On May 31, on the first really warm weekend of the year in Chicago, about 25 people gathered at a medium-sized cemetery on the south side of Chicago to celebrate Eddie Harris. Not that any of us who knew Eddie – or anyone else who just loved his music – ever needs an excuse to celebrate: with its contagious rhythms and unique technique, its glittering melodies and funky soul, Harris’s music is a celebration all its own. And for those who knew him offstage and remember his lacerating wit and tribal-elder advice, his presence still serves to counsel and advise. I don’t think a week has gone by since his death (in 1996, at the age of only 62) that I haven’t missed our conversations.
But this time, the occasion for remembrance was the unveiling of an elegant memorial stone to mark Eddie’s new resting place: a vault to which his remains had been moved, earlier that morning, from its crypt elsewhere on the grounds. The stone sits on a little rise at the Oak Woods Cemetery, 1035 E. 67th Street, maybe ten miles south of the city center: from the front office you walk toward a pathway named Sunrise within the cemetery, and it’s just ahead and to your left. Technically it is a mausoleum, since the body is above ground; but when I hear that word I think of a tomb as large as a small house, with pillars and an entranceway, and that image doesn’t really fit the smaller (and far more tasteful) medium-gray resting place. Eddie himself would have appreciated the fact that they used a word correct in its definition, but I’m guessing he would also have giggled at the use of such a high-falutin’ name.
The ceremony had been organized by Sally Harris (his widow) and his daughters, and the loosely structured proceedings had that easy lope that typifies both Eddie’s music and social events in Chicago’s African-American community. (No surprise there: Harris grew up on the south side of Chicago, where he lived here until the 1960s, when he moved to California.) At about the time the ceremony was to have started, workmen brought out a portable sound system, and a tinny reproduction of Eddie’s music began to fill the area – “Listen Here!”, “Hey Wado,” “Freedom Jazz Dance” – as a local disc jockey offered desultory commentary. The official event began about 30 minutes past its scheduled start, after various old friends had made their way to the velvet-draped temporary seating area. Journalists and unaffiliated onlookers were noticeably absent.

Eddie’s younger daughter welcomed the attendees, accompanied by the granddaughter Eddie never met (but whose impish behavior suggested that Eddie’s spirit has indeed been passed to future generations); a minister spoke; and then comments were solicited.

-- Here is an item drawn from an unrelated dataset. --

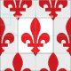 Tecido com símbolo vermelho de pulgas (flor-de-lys ou flor de lírio), mardi gras design sobre fundo branco

Here came an older gentleman, in a worn, old-fashioned medium-blue suit and a small straw Borsalino hat, who’d known Eddie when both worked for the postal service in the 1950s; as he spoke about those days, he held the microphone stiffly in his hand, far from his mouth – as if it were a scepter that conferred upon him the right to speak, rather than a device for amplification. Redd Holt, the longtime Chicago drummer, and his wife both came up; they had worked and partied with Eddie and his wife before the Harrises moved to California, and they sketched a lovely portrait of the jazz life back then. The disc jockey, Gil Daspit, said the sort of things that disc jockeys say. Deep emotion won out over artful expression, and no one seemed to mind.
When they had all finished, Sally Harris spoke movingly about her husband, and thanked the assembled for their kindness, and then they pulled away the cloth covering the stone to unveil its craftsmanship. On the left, the inscription marking Eddie Harris’s final resting place; next to it, on the right, his widow’s name carved and waiting; and along the top and bottom, an exquisite embroidery of musical staff lines revealing the musical notation for “Freedom Jazz Dance.” Like the rest of the event, and like Eddie himself, it hit all the right notes.
This blog entry posted by Neil Tesser.